### [Available data]
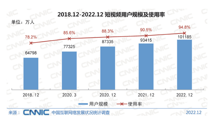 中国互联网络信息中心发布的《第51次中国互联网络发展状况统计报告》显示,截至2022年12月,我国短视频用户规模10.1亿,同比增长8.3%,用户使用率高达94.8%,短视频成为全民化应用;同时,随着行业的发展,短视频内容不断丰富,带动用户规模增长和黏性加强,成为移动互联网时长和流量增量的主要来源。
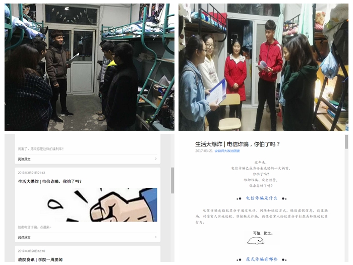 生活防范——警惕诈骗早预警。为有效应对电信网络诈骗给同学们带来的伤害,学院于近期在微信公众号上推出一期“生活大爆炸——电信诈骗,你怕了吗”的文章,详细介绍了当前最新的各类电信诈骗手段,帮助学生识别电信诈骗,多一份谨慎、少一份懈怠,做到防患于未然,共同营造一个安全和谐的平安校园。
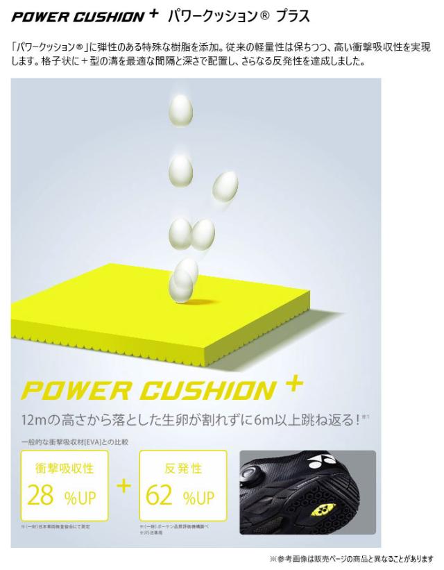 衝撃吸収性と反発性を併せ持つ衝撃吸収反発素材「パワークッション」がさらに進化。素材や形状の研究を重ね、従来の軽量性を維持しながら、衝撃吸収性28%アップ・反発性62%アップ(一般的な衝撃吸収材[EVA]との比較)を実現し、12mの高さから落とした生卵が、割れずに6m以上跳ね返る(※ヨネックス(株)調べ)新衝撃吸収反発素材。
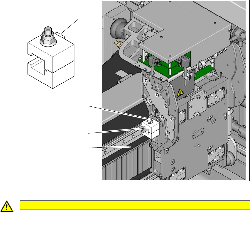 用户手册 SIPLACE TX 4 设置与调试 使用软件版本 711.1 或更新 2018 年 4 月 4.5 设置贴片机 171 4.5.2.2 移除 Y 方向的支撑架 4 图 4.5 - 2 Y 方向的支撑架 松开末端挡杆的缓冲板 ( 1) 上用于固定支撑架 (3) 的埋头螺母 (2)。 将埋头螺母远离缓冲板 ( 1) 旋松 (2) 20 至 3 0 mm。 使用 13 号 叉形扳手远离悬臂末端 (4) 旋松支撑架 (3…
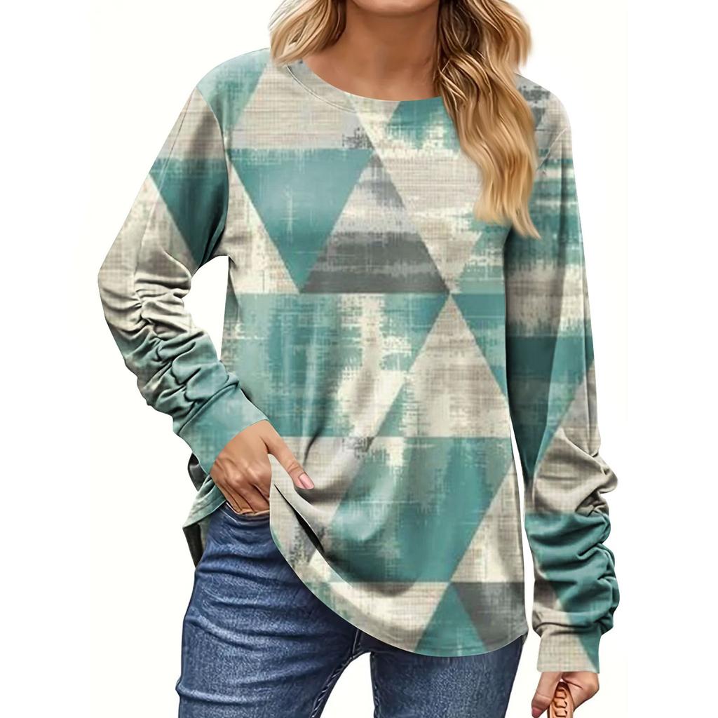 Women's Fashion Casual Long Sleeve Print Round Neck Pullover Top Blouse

* * *

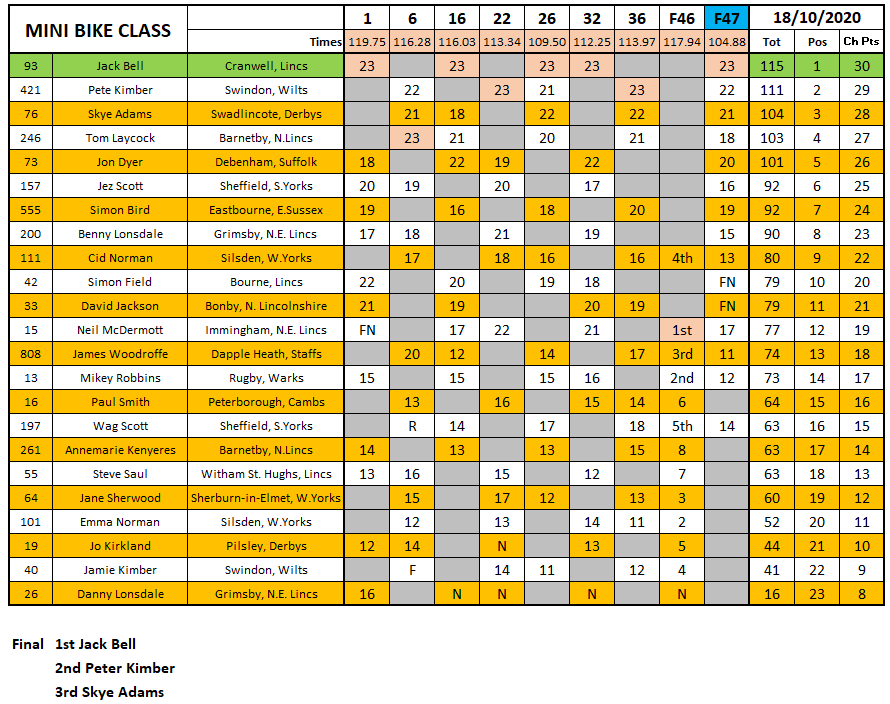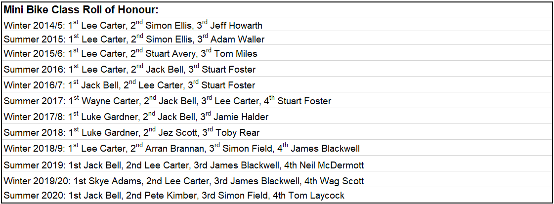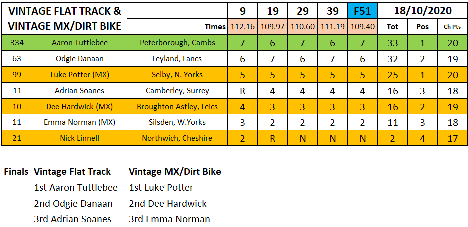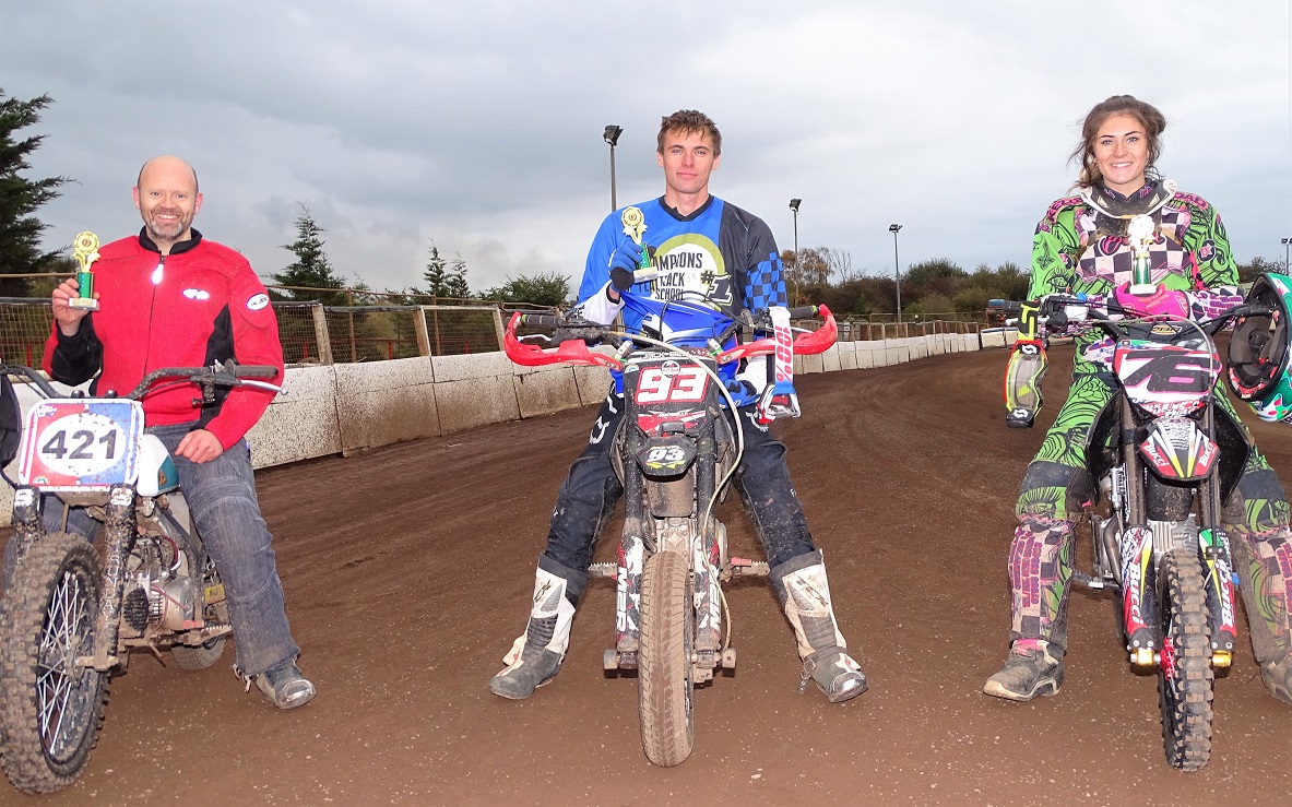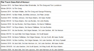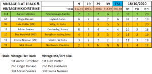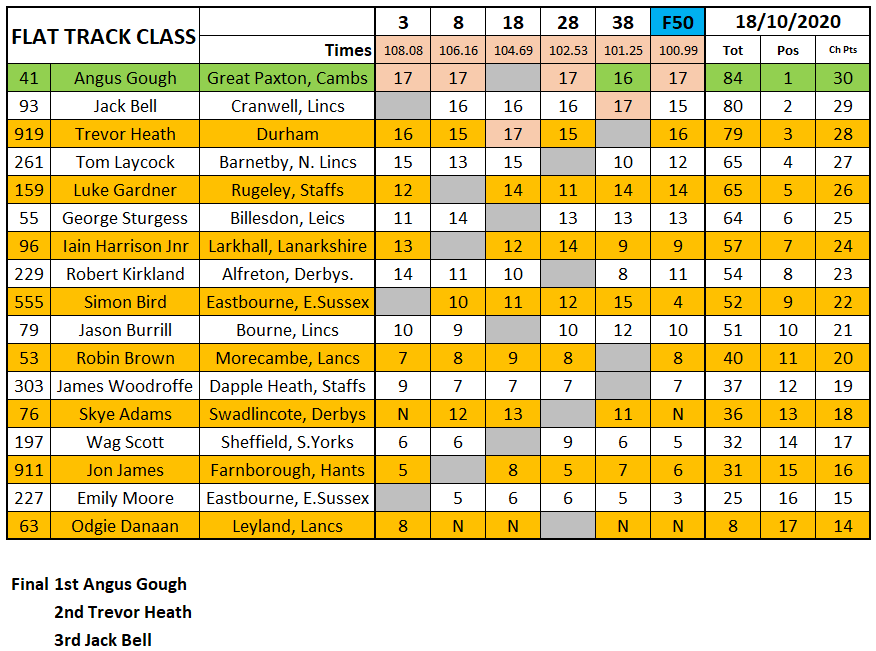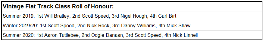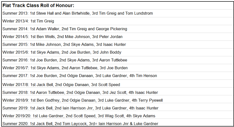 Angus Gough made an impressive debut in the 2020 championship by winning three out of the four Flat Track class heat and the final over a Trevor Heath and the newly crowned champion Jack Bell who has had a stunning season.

* * *

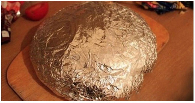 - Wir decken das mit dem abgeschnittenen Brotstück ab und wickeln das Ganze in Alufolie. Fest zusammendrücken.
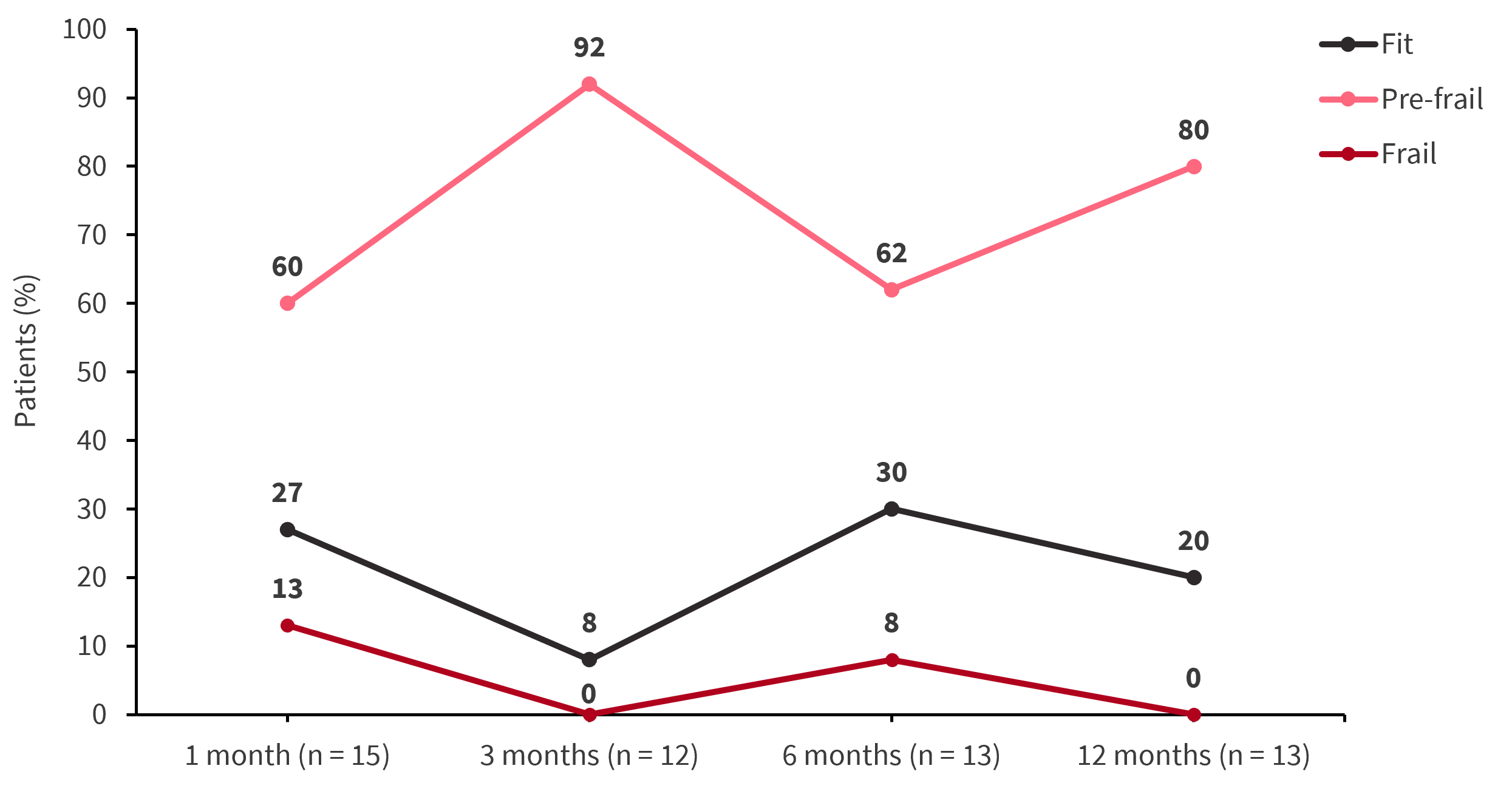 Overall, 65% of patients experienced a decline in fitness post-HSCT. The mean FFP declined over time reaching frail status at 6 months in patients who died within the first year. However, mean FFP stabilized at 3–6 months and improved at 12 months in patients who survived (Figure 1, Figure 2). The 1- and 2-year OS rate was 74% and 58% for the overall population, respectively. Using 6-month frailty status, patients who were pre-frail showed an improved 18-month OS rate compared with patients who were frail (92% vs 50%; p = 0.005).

### [Action item]
What you need to produce is an exact copy of the entries above, limited to the lines from the one with "用户手册 SIPLACE TX" up to and including the one with "Women's Fashion Casual", without pictures.

### [Exercise solution]
 用户手册 SIPLACE TX 4 设置与调试 使用软件版本 711.1 或更新 2018 年 4 月 4.5 设置贴片机 171 4.5.2.2 移除 Y 方向的支撑架 4 图 4.5 - 2 Y 方向的支撑架 松开末端挡杆的缓冲板 ( 1) 上用于固定支撑架 (3) 的埋头螺母 (2)。 将埋头螺母远离缓冲板 ( 1) 旋松 (2) 20 至 3 0 mm。 使用 13 号 叉形扳手远离悬臂末端 (4) 旋松支撑架 (3…
 Women's Fashion Casual Long Sleeve Print Round Neck Pullover Top Blouse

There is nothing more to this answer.